今週はこう動く! マーケット羅針盤

2018/05/07 09:54今週の注目通貨(米ドル/円)= 米ドル反発主導の米長期金利上昇一段落か否か、NYダウ120日MAが目安

◆要約◆
・米長期国債は「売られ過ぎ」。さらに売られ、価格が下落、利回りが上昇する余地は限られそう。そうであれば、米長期金利上昇に伴う米ドル反発も、もう終わったか?!
・「安全資産」の代表格である米長期国債の「売られ過ぎ」が継続し、米長期金利の上昇が続き、それが相関性の高い米ドル/円上昇をもたらすかは、NYダウ120日MA回復を注目。


◆米ドル反発は一段落したか、否か?!

 米ドル/円は先週110円をワンタッチしたものの、週足で見ると約1か月半ぶりに陽線(米ドル高)が一服した形となりました≪資料1参照≫。米ドル反発は一段落したのか、否か。

≪資料1=米ドル/円の週足チャート(2017年12月-)≫
 
(出所:M2JFXチャート)

 この間の米ドル反発を比較的説明できたのは、米長期金利(10年債利回り)上昇に伴う日米長期金利差における米ドル優位拡大でした≪資料2参照≫。この関係がこの先も続くなら、米ドル反発が一巡したか否かは、米長期金利上昇の行方次第といえるでしょう。

≪資料2=米ドル/円と日米10年債利回り差 (2018年3月-)≫
 
(出所:トムソン・ロイターより作成)

 その米長期金利、たとえば米10年債の投機筋のポジションは、CFTC統計によると最近にかけて過去最高の売り越しとなっていました≪資料3参照≫。これは、経験的には米長期国債が「売られ過ぎ」になっている可能性をうかがわせるものです。

≪資料3=投機筋の米10年債のポジション (2010年1月-)≫
 
(出所:CFTC統計より作成)

 米長期国債が「売られ過ぎ」なら、さらに売られ、価格が下落し、利回りが上昇する余地は限られそうです。
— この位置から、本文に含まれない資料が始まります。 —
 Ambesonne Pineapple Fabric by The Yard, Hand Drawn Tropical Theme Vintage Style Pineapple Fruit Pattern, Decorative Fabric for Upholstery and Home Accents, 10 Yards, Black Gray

そうであれば、米長期金利上昇に伴う米ドル反発も、もう終わったか、終わりに近い可能性があるのではないでしょうか

 それにしても、米長期債が過去最高の売り越しになったのは、米インフレ懸念、そして朝鮮半島デタント(緊張緩和)期待による「安全資産」売りなどの影響があったでしょう。後者については、6月にかけて歴史的な米朝首脳会談期待もあることから、リスクオン、「安全資産」売りを試す可能性はあるのかもしれません。
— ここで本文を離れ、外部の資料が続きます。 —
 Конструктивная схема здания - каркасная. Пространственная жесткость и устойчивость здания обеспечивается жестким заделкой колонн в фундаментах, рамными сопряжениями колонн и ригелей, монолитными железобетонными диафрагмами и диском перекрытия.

 では、米長期国債のポジションを見る限り、「売られ過ぎ」の可能性があるものの、米朝会談期待などでさらに「安全資産」売りが広がる可能性はあるか。それを考える上で、「リスク資産」の代表格である米株の動きに注目したいと思います。

 米株、とくにNYダウのこの間の底値は、米ドル/円の底値とほぼ一致しました。つまり、米ドル/円が反発に転じたのは、米株が底打ちし、米長期金利が上昇に転じたためだったといえるでしょう。
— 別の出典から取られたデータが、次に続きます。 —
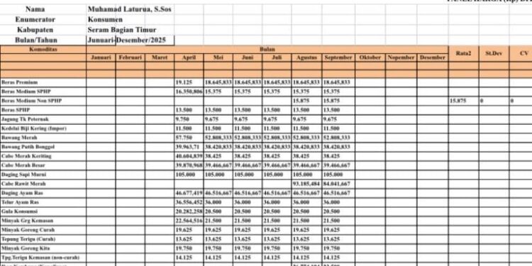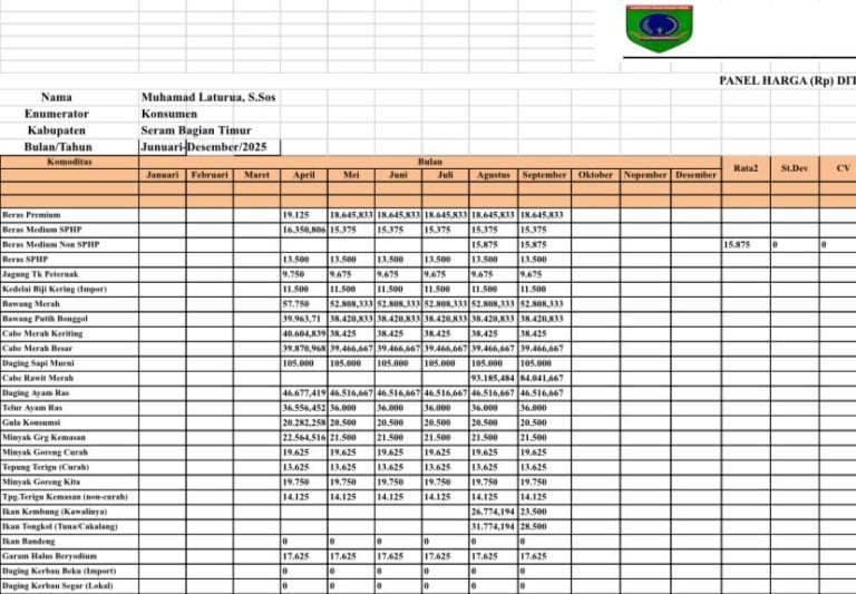 PORTALNUSAINA. COM, BULA-Pemerintah Kabupaten Seram Bagian Timur (SBT) memastikan harga pangan pokok di wilayahnya masih dalam kondisi stabil. Melalui Dinas Ketahanan Pangan, Pemkab SBT telah melakukan pemantauan rutin terhadap harga pangan di tingkat eceran selama bulan September 2025.

 そんな米株、NYダウは反発傾向となっているものの、3月下旬以降、120日MA(移動平均線)を大きく上回れない状況が続いています≪資料4参照≫。NYダウの120日MAは、足元で2万4700ドル程度。

 120日MAは、ヘッジファンドなど投機筋の売買転換点とおおむね一致してきました。それを参考にしたら、「安全資産」の代表格である米長期国債の「売られ過ぎ」が継続し、米長期金利の上昇が続き、それが相関性の高い米ドル/円上昇をもたらすかは、NYダウが120日MAを回復するかどうかになるのではないでしょうか。(了)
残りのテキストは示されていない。